The Mirror Not in Flames, But Dust

Mari Miller-Lamb

Someone once told you a tale of horror, so you go traveling.

In the middle of the ancient earth,
you arrive
at the young old village
that is passing the smothered afternoon
in silence too dead for a tomb.

So you enter the still standing house
and see the mirrors cracked with over-use,
and you stare at empty rooms
and stoves too cold and tools rusted with un-use.
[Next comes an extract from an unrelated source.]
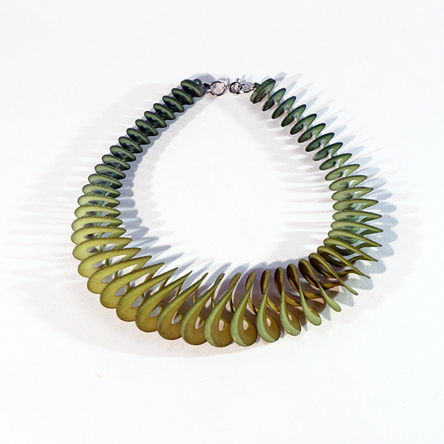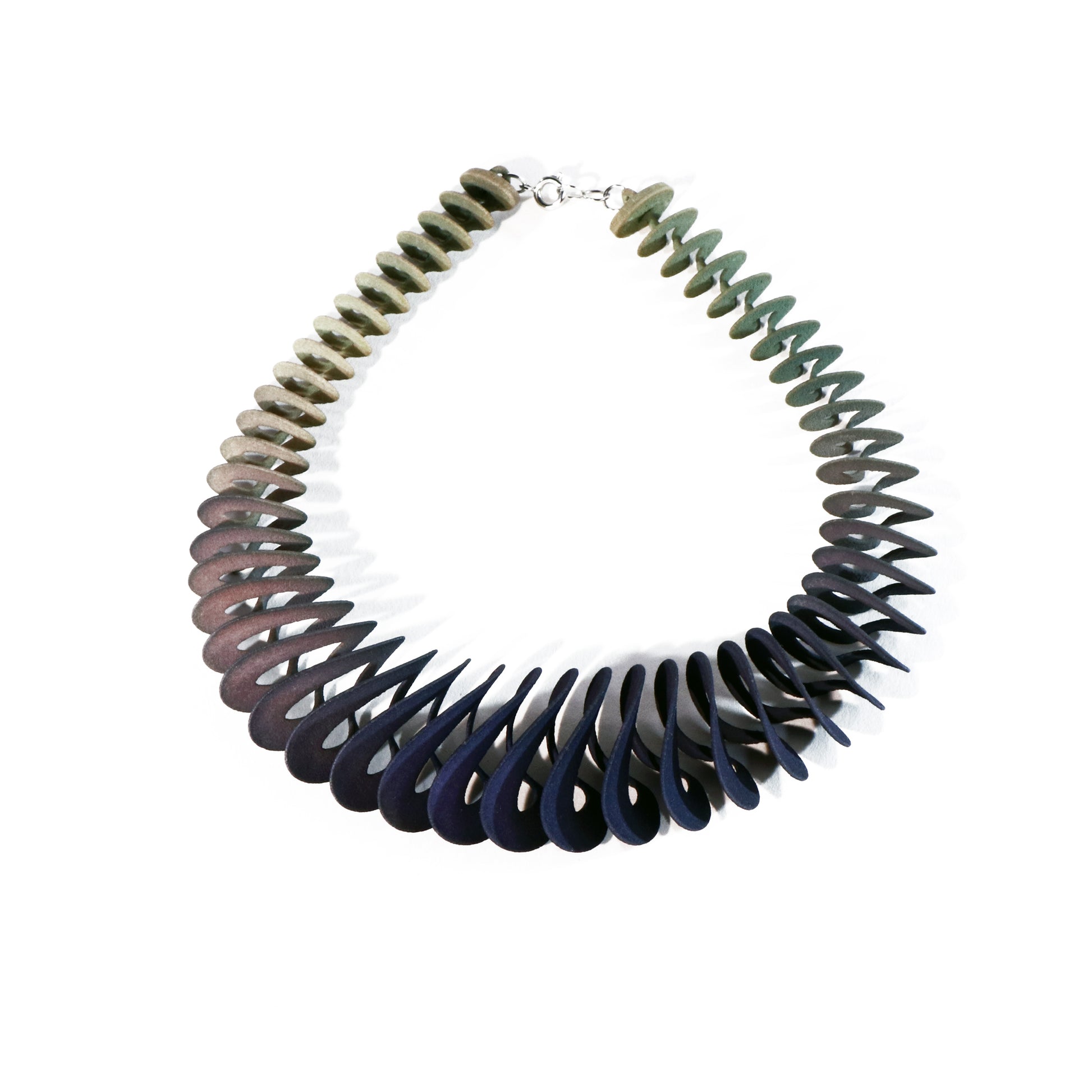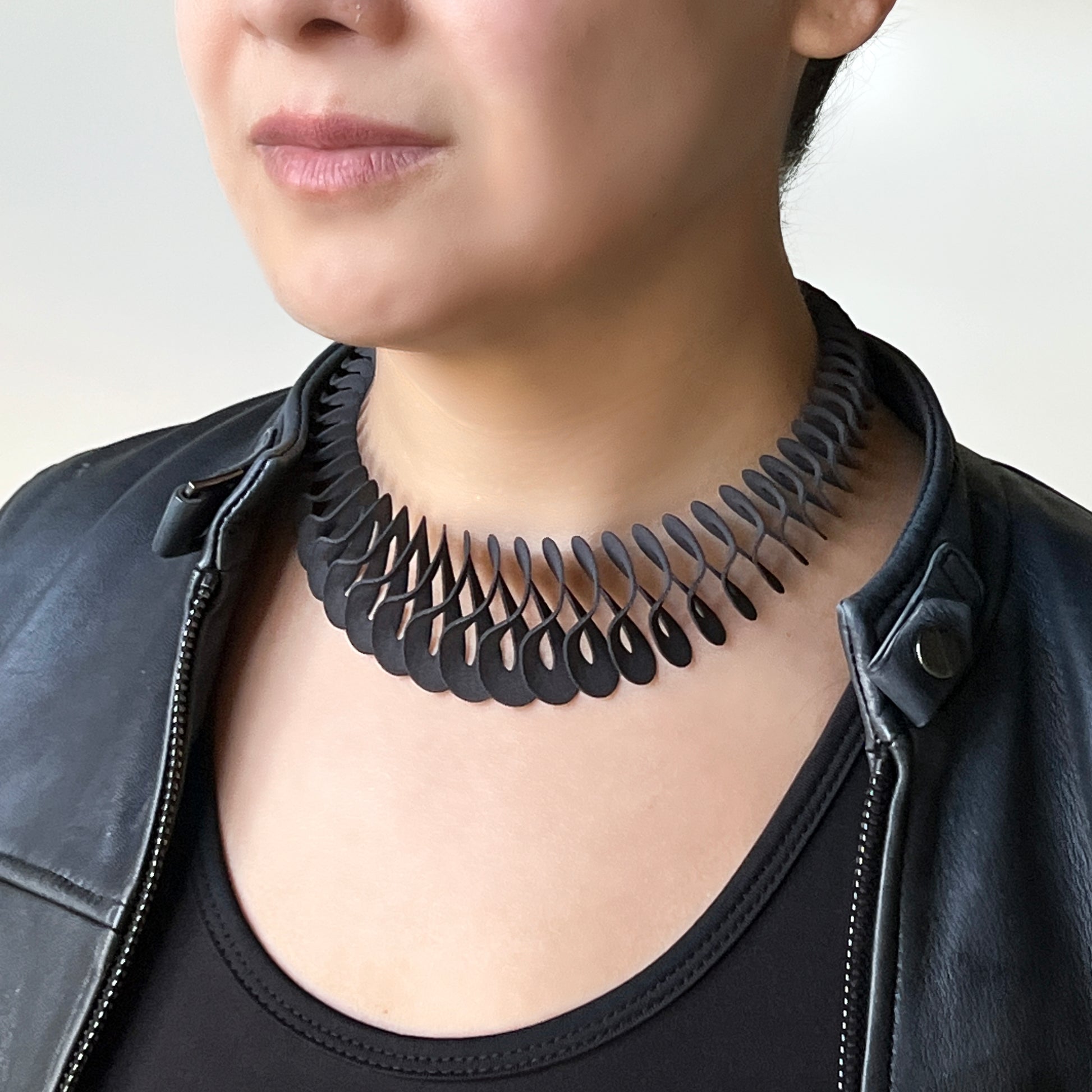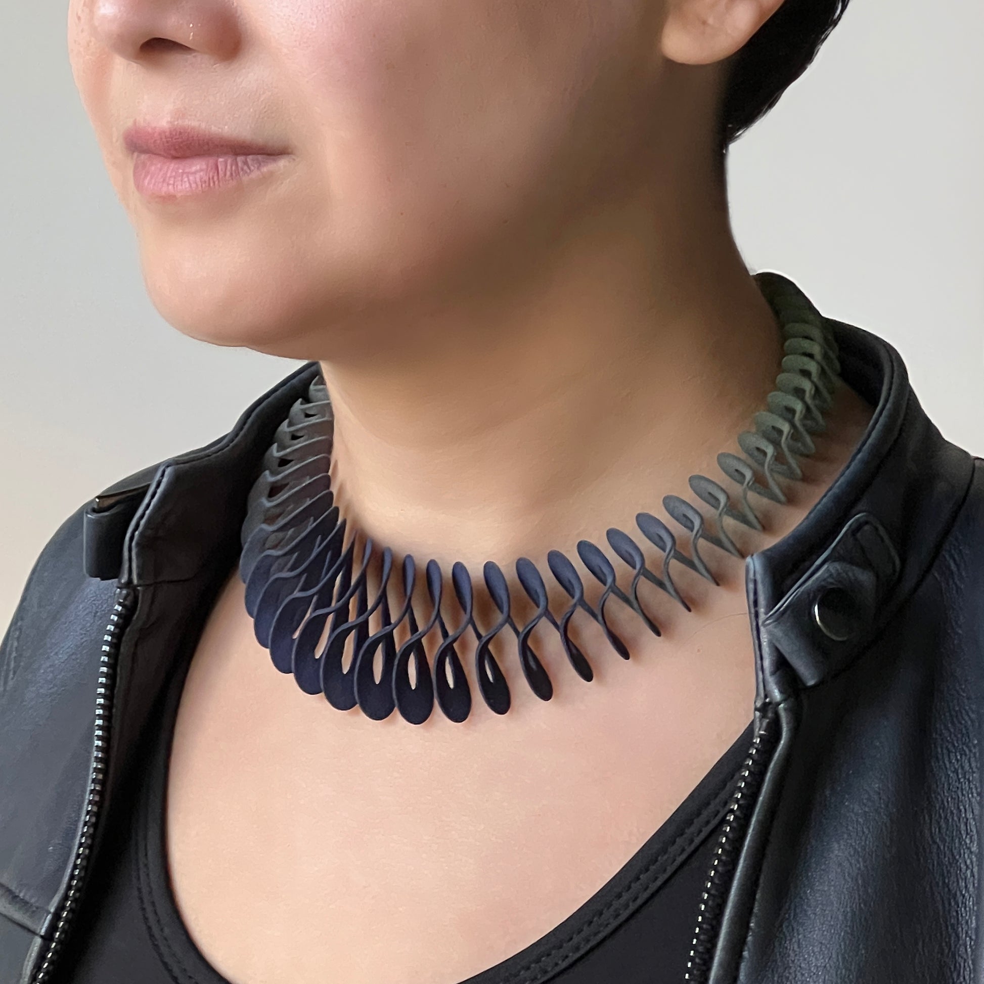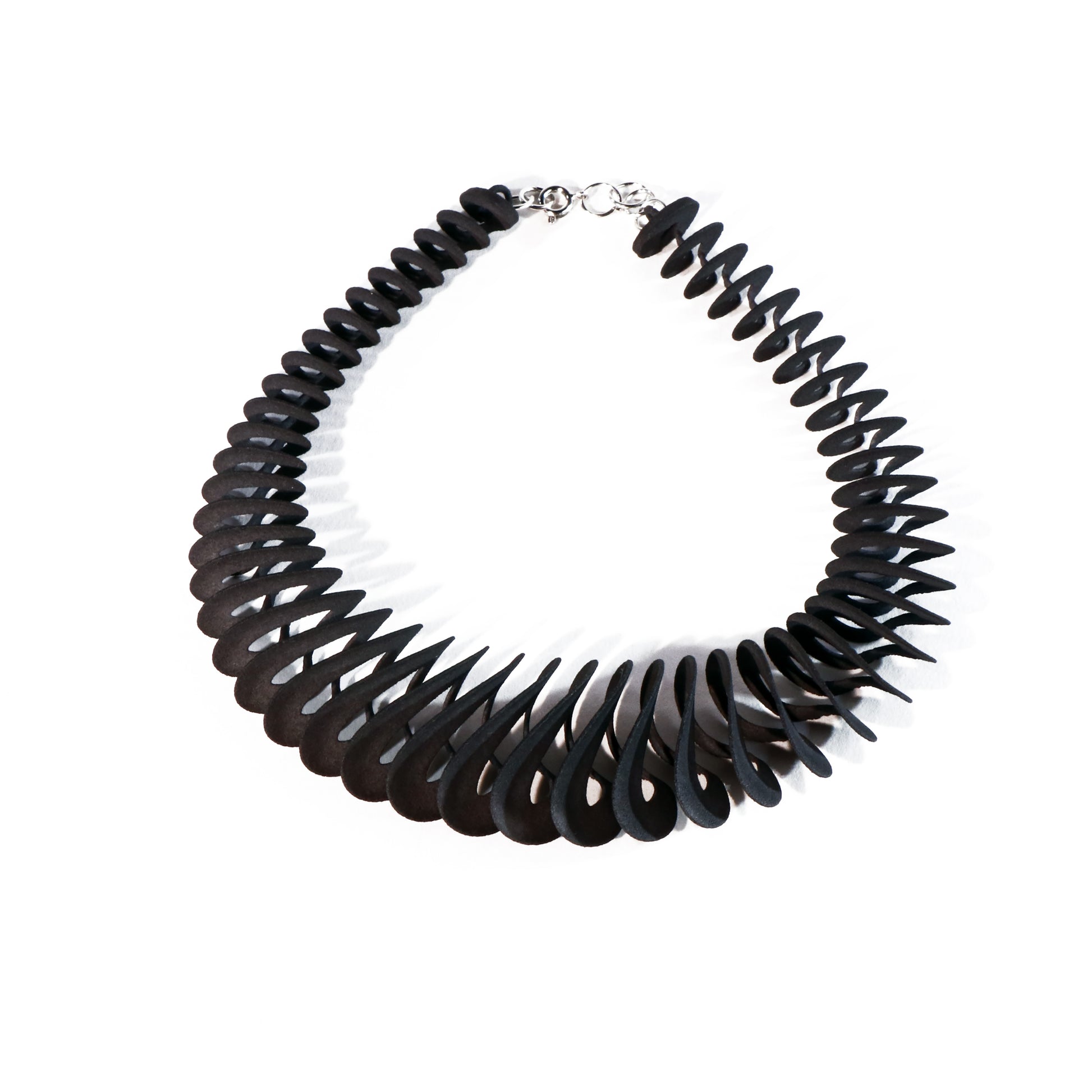 Airylace" is an artistic and distinctive flexible 3D-printed necklace meticulously designed to complement the contours of the neck. Crafted from durable PA 12, it gently curves to follow the natural shape of the neck while retaining its artistic and sculptural qualities.

You wander the nightmare cellars
and probe dank alleyways,
straining for creeping coldness,
listening for skittering horrors,
sniffing for metallic saltiness of blood.
Silence takes your hand, becomes your only friend.

You don’t want to sleep, but sleep wants you.
You dream.
In verdant fields of aquamarine, gamboling fatness and young beauty,
lie in withered heaps of zircon dust.
Flowers longing for their plucking, dead before the bloom,
hung in rotten fleshiness for a hand too jeweled with gaping indolence
to stir for a fragrant moment — Death has not come here.

So terror spikes your blood, but you remember and despair
of what that old sage once said:

“Waking man,
did you not know that fire cries?
That not all is celebrated darkness
in the middle of the night?
That death too will despair
when life is quenched without a fight?”